A multichannel image of the related art is simply played back in a merge mode in which channel/time switching occurs by a method previously set when producing the multichannel image. That is, according to the related art, one channel-switching image is produced by acquiring a plurality of frames using a plurality of cameras, selecting some of the acquired frames, and merging the selected frames. Such a channel-switching image is produced by simply merging frames of channels which are previously determined by a producer, and thus, when such an image file is played back, a channel-switching effect occurs in which merged frames exhibit a single channel shift effect. With such multichannel images of the related art, users or views merely enjoy a pre-produced simple channel switching effect and are not allowed to manually manipulate time switching or channel switching to watch images while turning channels to desired viewpoints.
Furthermore, in baseball broadcasting, it is a common technique to show, on a 2D baseball broadcast screen, whether a pitch thrown by a pitcher is a strike or ball, or whether the pitch passes through a strike zone. However, there are many technical difficulties in displaying or three-dimensionally displaying the strike zone in such a multichannel image as described above.
DESCRIPTION OF EMBODIMENTS Technical ProblemAn objective of embodiments is to provide a method and apparatus for displaying a 3D strike zone.

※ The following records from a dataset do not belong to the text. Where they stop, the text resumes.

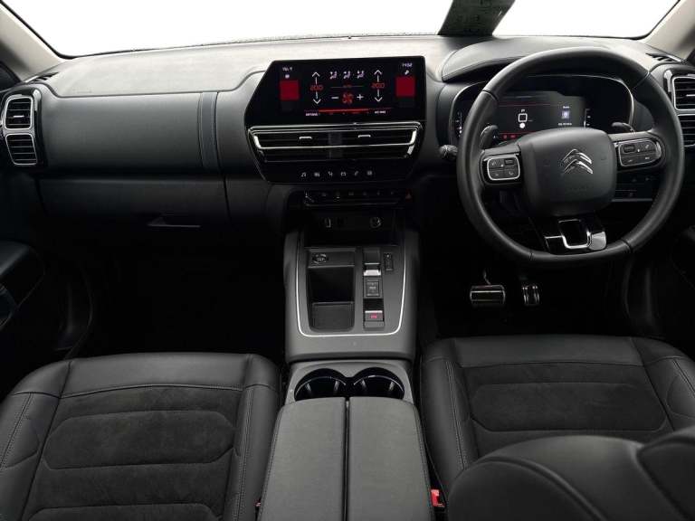 ..10'' Touchscreen user interface with citroen connect nav, voice commands, Bluetooth handsfree and audio streaming, 12.3'' digital instrument cluster with customisable zones and colour schemes, Citroen connect box emergency assist system, Citroen connect play featuring android auto and apple carPlay, Electric power steering, Multi function trip computer, Advanced comfort suspension, Auxiliary input socket, FM and DAB digital radio, 6 speakers, Polyphonic sounds, USB A socket (charge only) on rear part of central console, 3rd brake light, Acoustic laminated windscreen with rain and brightness sensors, Automatic hazard light activation upon heavy brake application, Automatic headlights with welcome and goodbye lighting, Body colour door handles, Body colour front bumper with air curtain, silver painted skid plate, and matt black lower section, Body colour rear bumper, Electric heated and folding door mirrors with LED approach lighting and blind spot monitoring indicators, Electrochrome auto dimming interior rear view mirror, Front fog lights with static cornering function, Gloss black longitudinal roof bars, Glossy black door mirrors, Glossy black structured grille, LED headlights with LED daytime running lights and visual signature, LED rear lights with visual signature, Magic wash automatic windscreen wipers with flat blades, variable speed depending on vehicle speed, and windscreen washers integrated into the wipers, Radio aerial integrated into rear window, Rear side wing doors, Rear window wiper with intermittent facility, linked to reverse gear, Sequential electric front and rear side windows with anti pinch function, Stainless steel front door thresholds, Stainless steel window finishers, Tinted row 1 windows and dark tinted row 2, C-Pillar and tailgate windows, 12V power outlet and 2x USB-A sockets (1x charge+data, 1x charge only) on front part of central console, 12V socket in boot, 2 Position boot floor, 3 point ISOFIX mountings on front passenger and rear outer seats, 4 way adjustable steering column, 6-way electric adjust driver seat, Adjustable headrests (2 in front, 3 in rear), Advanced comfort front and rear seats, Aluminium pedals and foot rest, Automatic bi-zone air conditioning with active carbon filter and air quality system, plus controllable row 2 air diffuser, Boot light, Central storage box with opening central armrest and interior lighting, Dashboard storage area to right of driver,open storage at front of central console,glovebox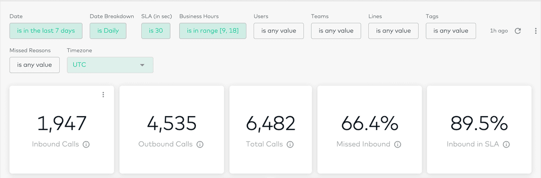 🔎 Charts detailing top missed reasons, called back, and most active users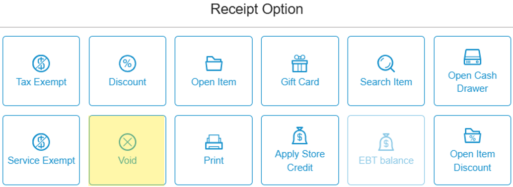Select Item to remove from the Receipt, then the Option button at the bottom.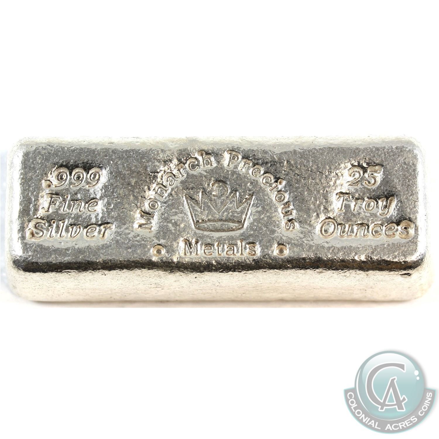Monarch Precious Metals 25oz .999 Fine Silver Poured Bar. (TAX Exempt)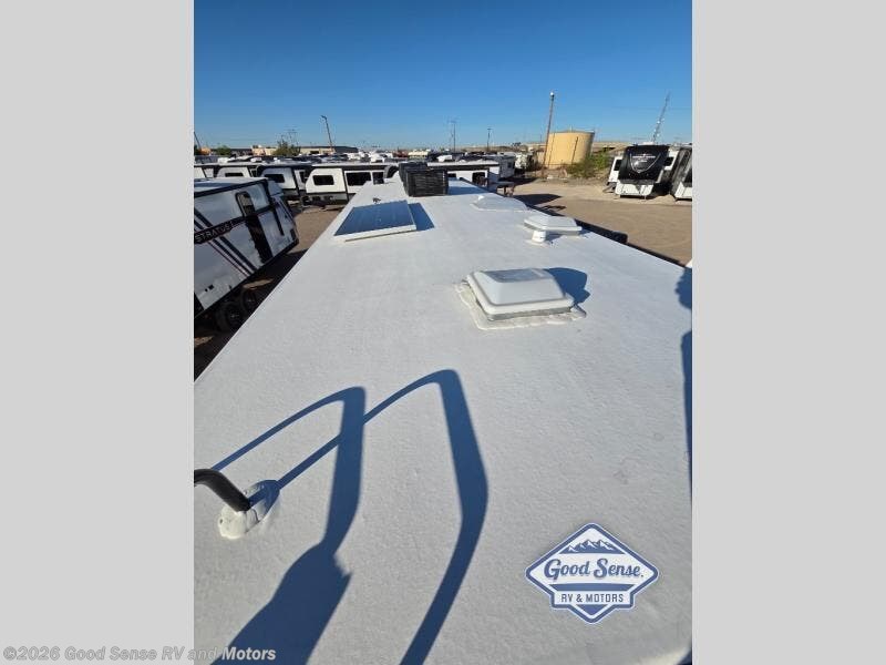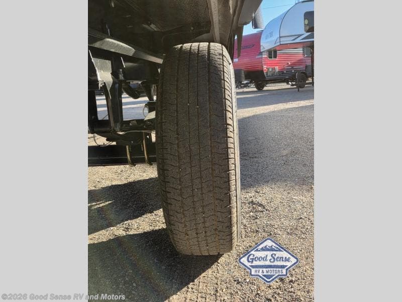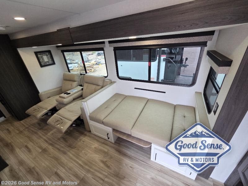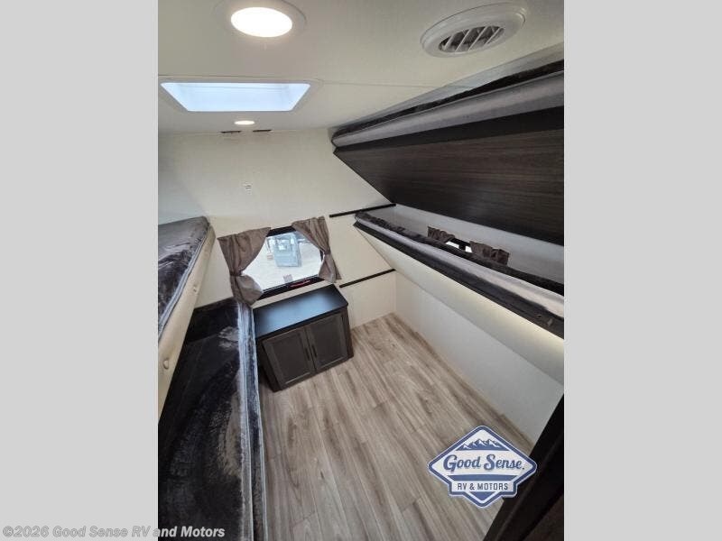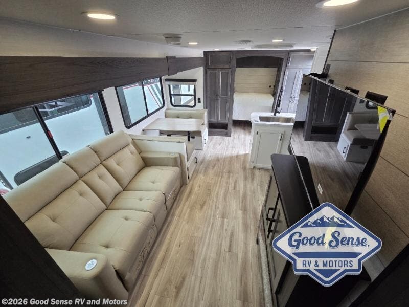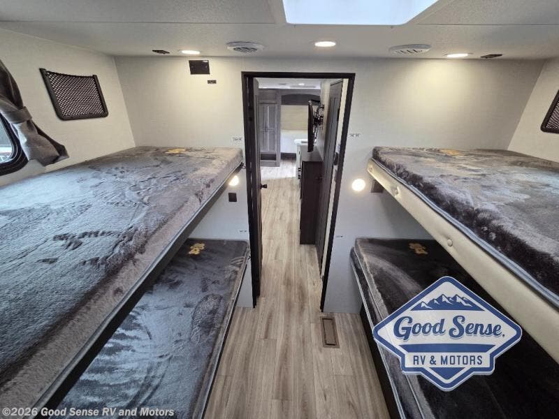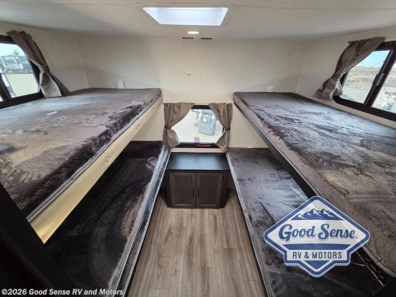 You, your kids and/or friends, and your pets can all have a relaxing camping trip in this travel trailer! The unique rear private bunkhouse has a set of 32" x 70" bunk beds, and a set of 28" x 70" bunks where the top bunk flips up, and its ability to convert into a desk, king bed, storage, or a pet palace. Just outside the bunkhouse is a full bathroom with a 30" x 36" shower to freshen up in each morning. Everyone can gather together at the 70" sofa and sit n' slide table dinette while watching a movie and enjoying the fireplace at the entertainment center. The front private bedroom has sliding doors to shut when you're ready to rest on the sleep tight queen bed. Prepare your meals either indoors with the three-burner cooktop or at the outside campfire café with the griddle, refrigerator, and sink!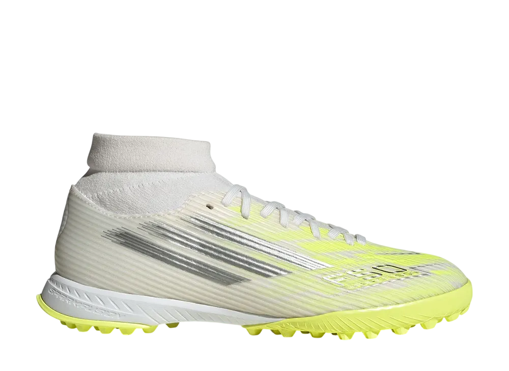adidas Women's F50 Sparkfusion League Mid Cut TF Cleats "Cloud White/Iron Metallic/Hi-Res Yellow"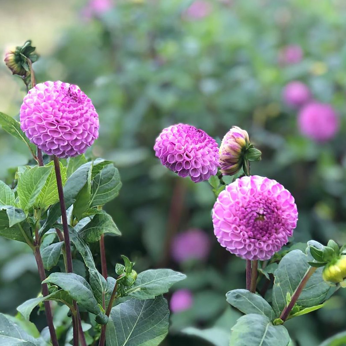 Dahlia ‘Frank Holmes’ är en charmig pompondahlia med perfekt formade, små bollar i skiftande lila toner som ger liv och djup åt både rabatt och bukett. De tätt fyllda blommorna, cirka 5–7 cm i diameter, sitter på stadiga stjälkar och plantan är stabil och tät med en höjd på omkring 80 cm. Den kompakta växtformen gör ‘Frank Holmes’ lätt att placera i trädgården och idealisk som snittblomma. Med sin långa blomning från högsommar till sen höst och sina mjuka, varierande färgnyanser är den ett elegant och pålitligt inslag i varje plantering.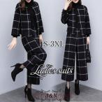 爆買 セットアップ 秋 冬 パンツスーツ レディース 40代 卒業式 服 母 ワイドパンツ おしゃれ ママ入学式 ジャケット 通勤 OL チェック柄 母親 2点セット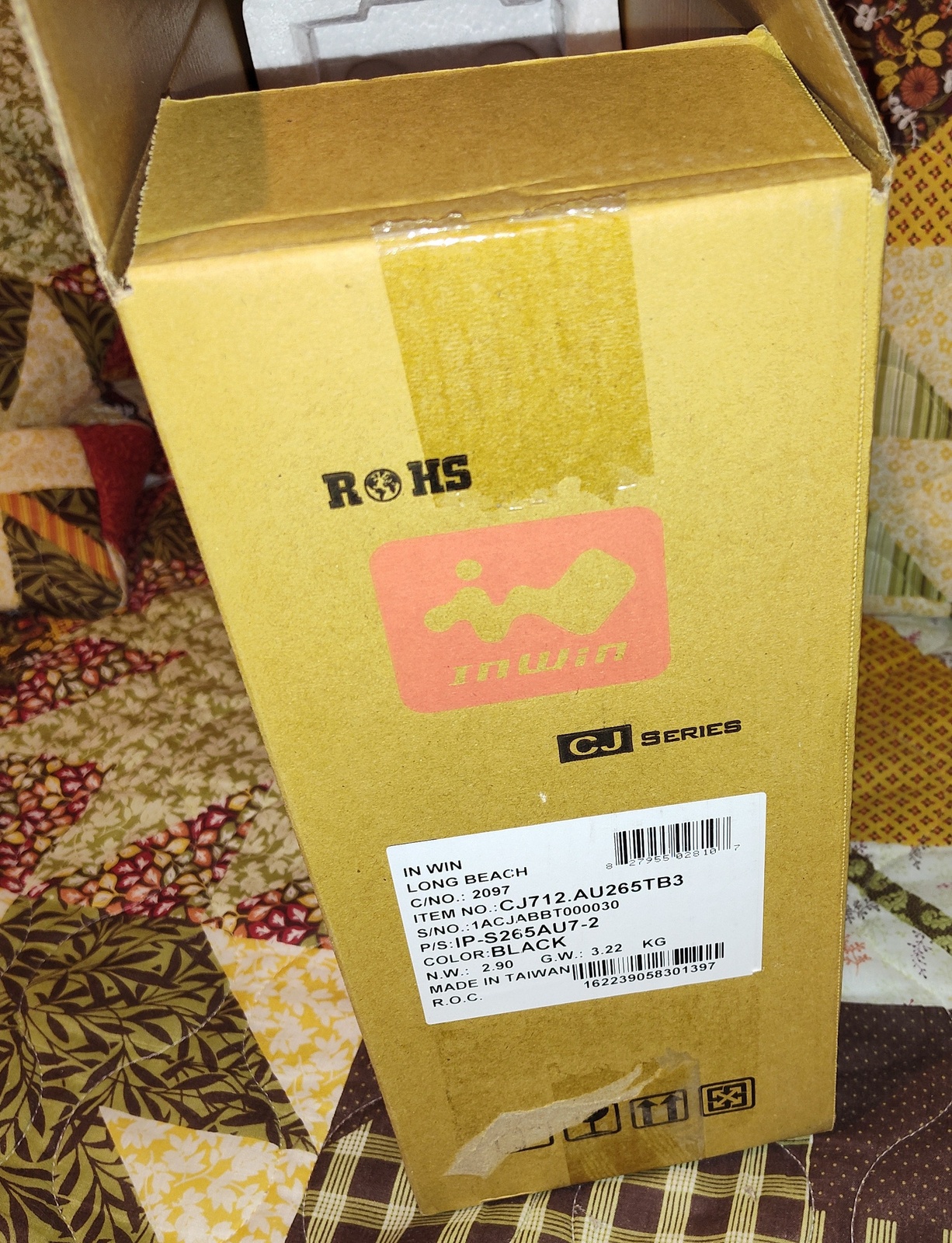 The box was born in Taiwan at the Ming Fang Paper & Carton Co. Ltd. factory – from there, it made it’s way to the In Win factory where it was enlisted to protect a new CJ712.AU265TB3 case on its way to the United States where it apparently arrived at Long Beach, CA. After being passed through the gentle caresses of the United Parcel Service, it’s first job was fulfilled – safely transporting the case from China to the United States. Now, it’s looking for further employment transporting your CJ712.AU265TB3 case somewhere!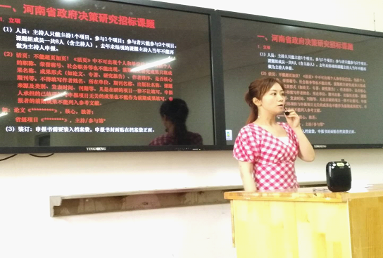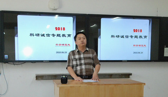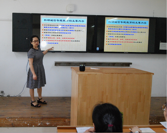 6月19日下午3:30,河南工业贸易职业学院科学研究处在3号教学楼3103教室举办了一场针对教科研人员的科研诚信教育活动。该活动举办的宗旨是弘扬学术正气、营造积极健康、和谐创新的学术氛围。主管学院科研工作的王铬副院长亲临活动现场并发表讲话,参加专业技术人员100余人,大家都满怀热情,收获满满。参会现场,大家共同学习了《河南工业贸易职业学院学术规范制度及学术不端行为处理办法(试行》(豫工贸院字[2018]33号);同时科学研究处的钱薇、赖巧琳、袁淑华老师还详细地向大家介绍了省职称评审文件中有关科研部分的主要内容;《学报》投稿注意事项;学院科研奖励文件;课题申报、期中管理、结项时的注意事项;科研管理云平台登记时的注意事项等。活动最后,每位参会人员都在《科研诚信承诺书》上郑重地签上了自己的名字,承诺自觉遵守学术道德,弘扬学术正气,做合格的专业技术人员。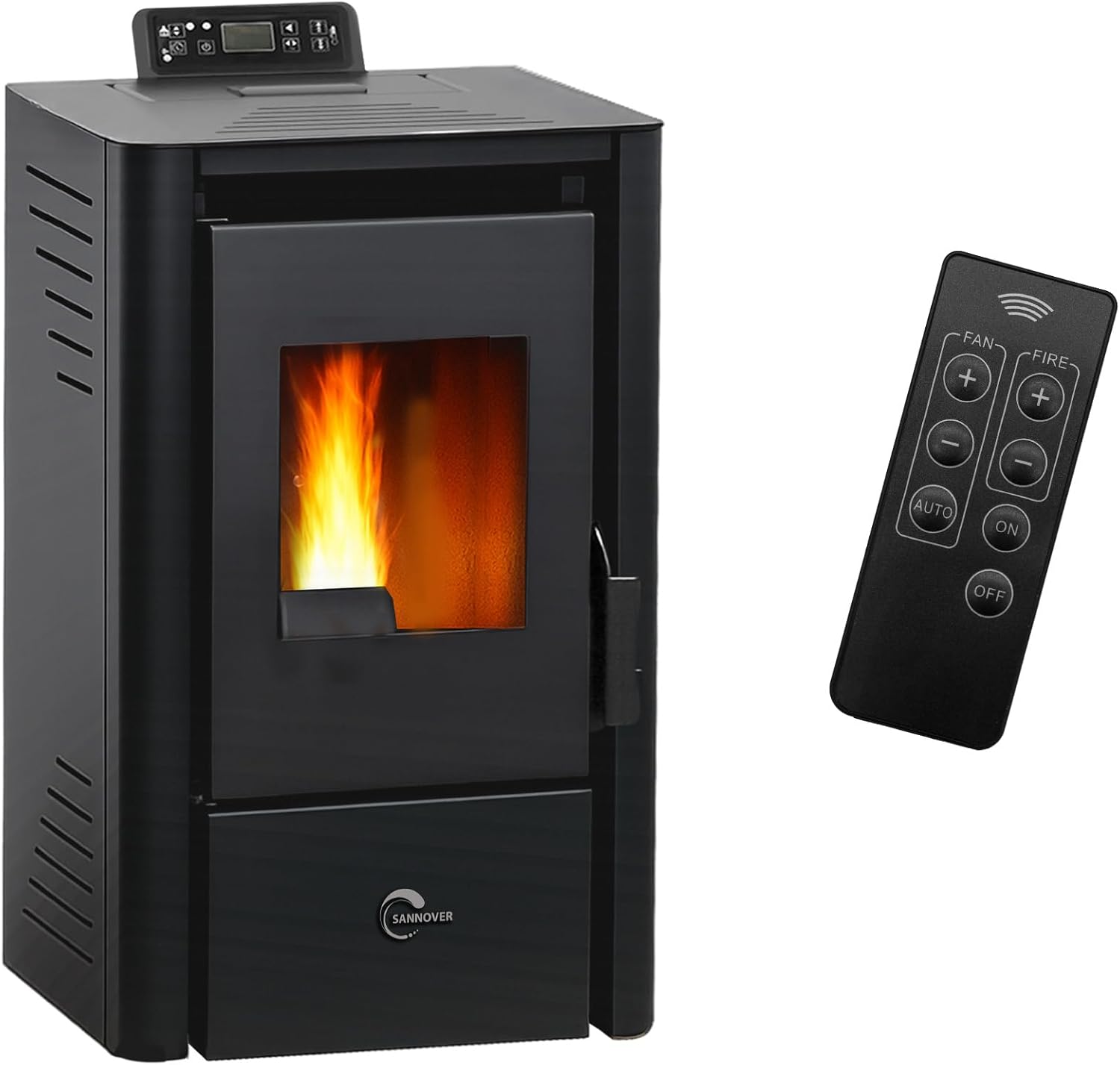 Image 1: Sannover Anita 9.4 kW Sealed Pellet Stove and its remote control. The stove is black with a glass door showing flames, and a control panel on top. The remote control has buttons for fan, fire, auto, on, and off.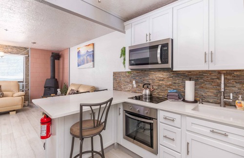 Upon entering the condo, you will be greeted by the warmth of the electric fireplace in the living room which features two plush leather love seats that invite you to sink in and relax. There is a large TV, and the high-speed internet is perfect for snuggling up and watching a movie or streaming your favorite show.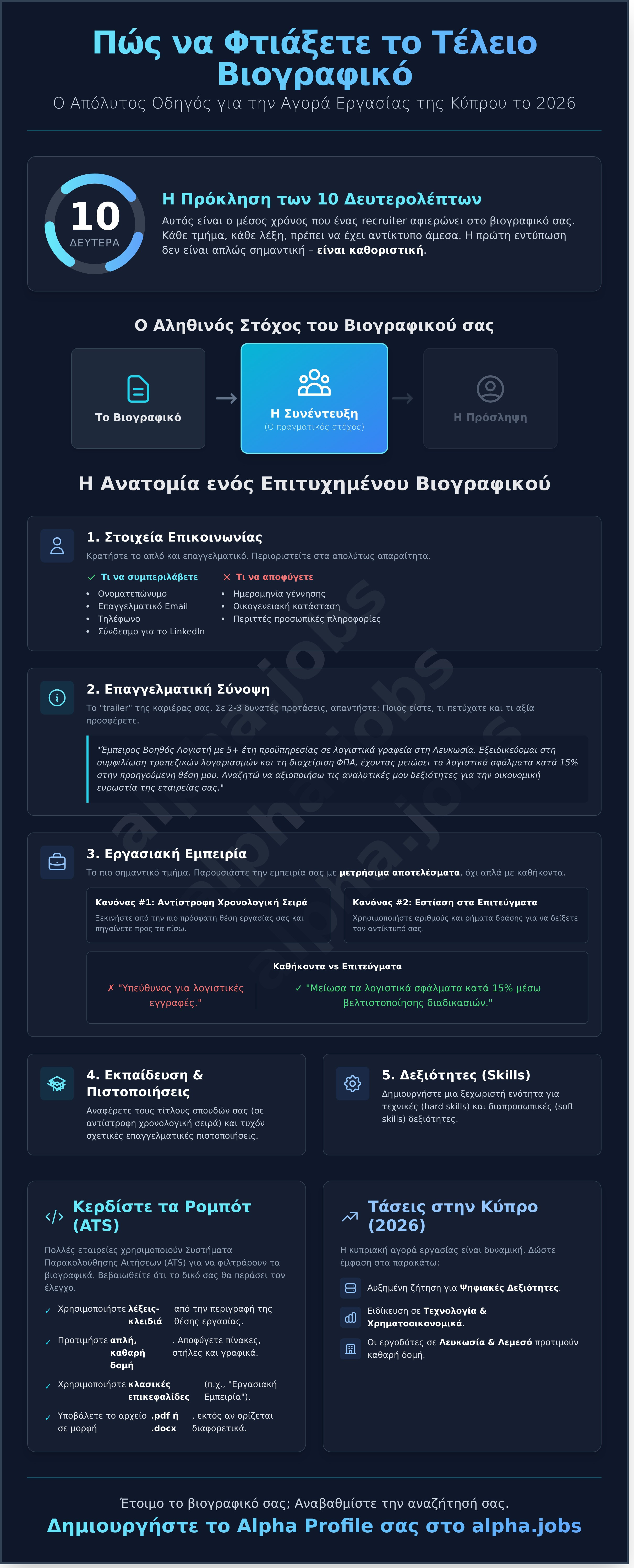 - Πέρα από το να μάθετε απλώς πώς να φτιάξω βιογραφικό, δείτε πώς ένα δυναμικό Alpha Profile μπορεί να αυξήσει την προβολή σας σε κορυφαίους εργοδότες, μετατρέποντας το CV σας σε ένα ενεργό εργαλείο αναζήτησης εργασίας.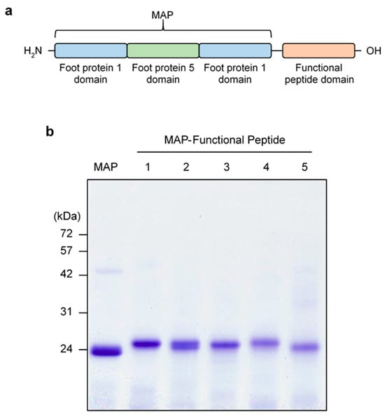 Many different proteins, which are derived from living organisms such as metabolites and components of some species, have been tried as biocompatible materials to apply pharmaceutics and medical devices. Although many AMPs were developed in a few decades, there were some limitations, such as low stability and cytotoxicity. To overcome the limitations of AMPs, MAP-derived recombinant protein system was used to give stability and safety to AMPs. Since recombinant mussel adhesive proteins, MAP fp-151, have been developed as biomaterial, having stability and cost-effective manufacturing was used as a scaffold for recombinant AMPs. MAP fp-151 was composed as fp1-fp5-fp1, derived from Mytilus edulis [23]. To make MAP-fused functional peptide for anti-microbial application, a number of antibiotic peptides originating from AMPs and proapoptotic peptides were fused to C-terminal of MAP fp-151 (Figure 1a). Anti-microbial-activity-associated peptides, including AKRHHGYKRKFH from anti-microbial histatin 5-derived P-113 (MAP-FP-1) [24], LKKLAKLALAF from anti-cancer peptide (MAP-FP-2) [25], THRPPMWSPVWP from transferrin receptor binding peptide (MAP-FP-3) [26,27], ILRWPWWPWRRK from anti-microbial omiganan (MAP-FP-4) [28,29], and KLAKLAKKLAKLAK from proapoptotic/anti-microbial KLAK peptide (MAP-FP-5) [30,31], were selected for MAP-fused functional peptides (MAP-FPs) (Table 1). Recombinant MAP-FPs were overexpressed and purified as previously described [21]. Since overexpressed recombinant MAP-FPs were aggregated as an inclusion body in E. coli, they lost anti-microbial activity and could be purified. Purified recombinant MAP-FPs showed >80% purity, as determined by SDS-PAGE (Figure 1b).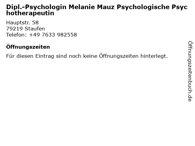 | Dipl.-Psychologin Melanie Mauz Psychologische Psychotherapeutin anrufen | |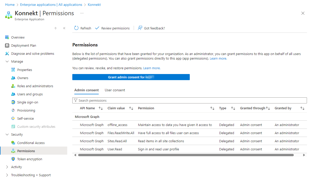 [Since some of the permissions require to be consented by an admin](https://learn.microsoft.com/en-us/graph/permissions-reference), you have to do the admin consent before using KONNEKT with regular users.

Solution to ProblemAccording to an embodiment, a method of displaying a 3D strike zone includes: setting a 3D coordinate system based on coordinates of at least four reference points of batter's boxes including a home plate; setting coordinates of the 3D strike zone which correspond to the 3D coordinate system; acquiring 2D coordinates of the batter's boxes on a 2D image plane projected onto each of a plurality of cameras for generating a multichannel image; estimating rotation information and translation information based on corresponding coordinates between the 3D coordinate system and the 2D coordinates; and displaying the 3D strike zone on the 2D image plane projected onto each of the plurality of cameras based on the rotation information and translation information.
The rotation information and translation information are estimated based on the corresponding coordinates between the 3D coordinate system and the 2D coordinates by Levenberg-Marquardt optimization, Perspective-Three-Point, or a least-squares method.
The coordinates of the 3D strike zone are ten, and two values (h1 and h2) of the ten coordinates are variable depending on a height of a batter who is at bat.
The height of the batter is extracted from an arbitrary database or by detection from an image of the batter.
The method further includes detecting and tracking a trajectory of a pitch thrown by a pitcher, wherein whether the pitch is a strike is determined by detecting whether the pitch passes through the displayed 3D strike zone.
According to another embodiment, an apparatus for displaying a 3D strike zone includes: a 3D coordinate setting unit that sets a 3D coordinate system based on coordinates of at least four reference points of batter's boxes including a home plate, and sets coordinates of the 3D strike zone which correspond to the set 3D coordinate system; a 3D strike zone generation unit that acquires 2D coordinates of the batter's boxes on a 2D image plane projected onto each of a plurality of cameras for generating a multichannel image, and estimates rotation information and translation information based on corresponding coordinates between the 3D coordinate system and the 2D coordinates; and an image processing unit that displays the 3D strike zone on the 2D image plane projected onto each of the plurality of cameras based on the rotation information and translation information.
The rotation information and translation information are estimated based on the corresponding coordinates between the 3D coordinate system and the 2D coordinates by Levenberg-Marquardt optimization, Perspective-Three-Point, or a least-squares method.
The coordinates of the 3D strike zone are ten, and two values (h1 and h2) of the ten coordinates are variable depending on a height of a batter who is at bat.
The height of the batter is extracted from an arbitrary database or by detection from an image of the batter.
The apparatus further includes a trajectory tracking unit that detects and tracks a trajectory of a pitch thrown by a pitcher, wherein whether the pitch is a strike is determined by detecting whether the pitch passes through the displayed 3D strike zone.
According to another embodiment, a recording medium has recorded thereon a program for executing the method.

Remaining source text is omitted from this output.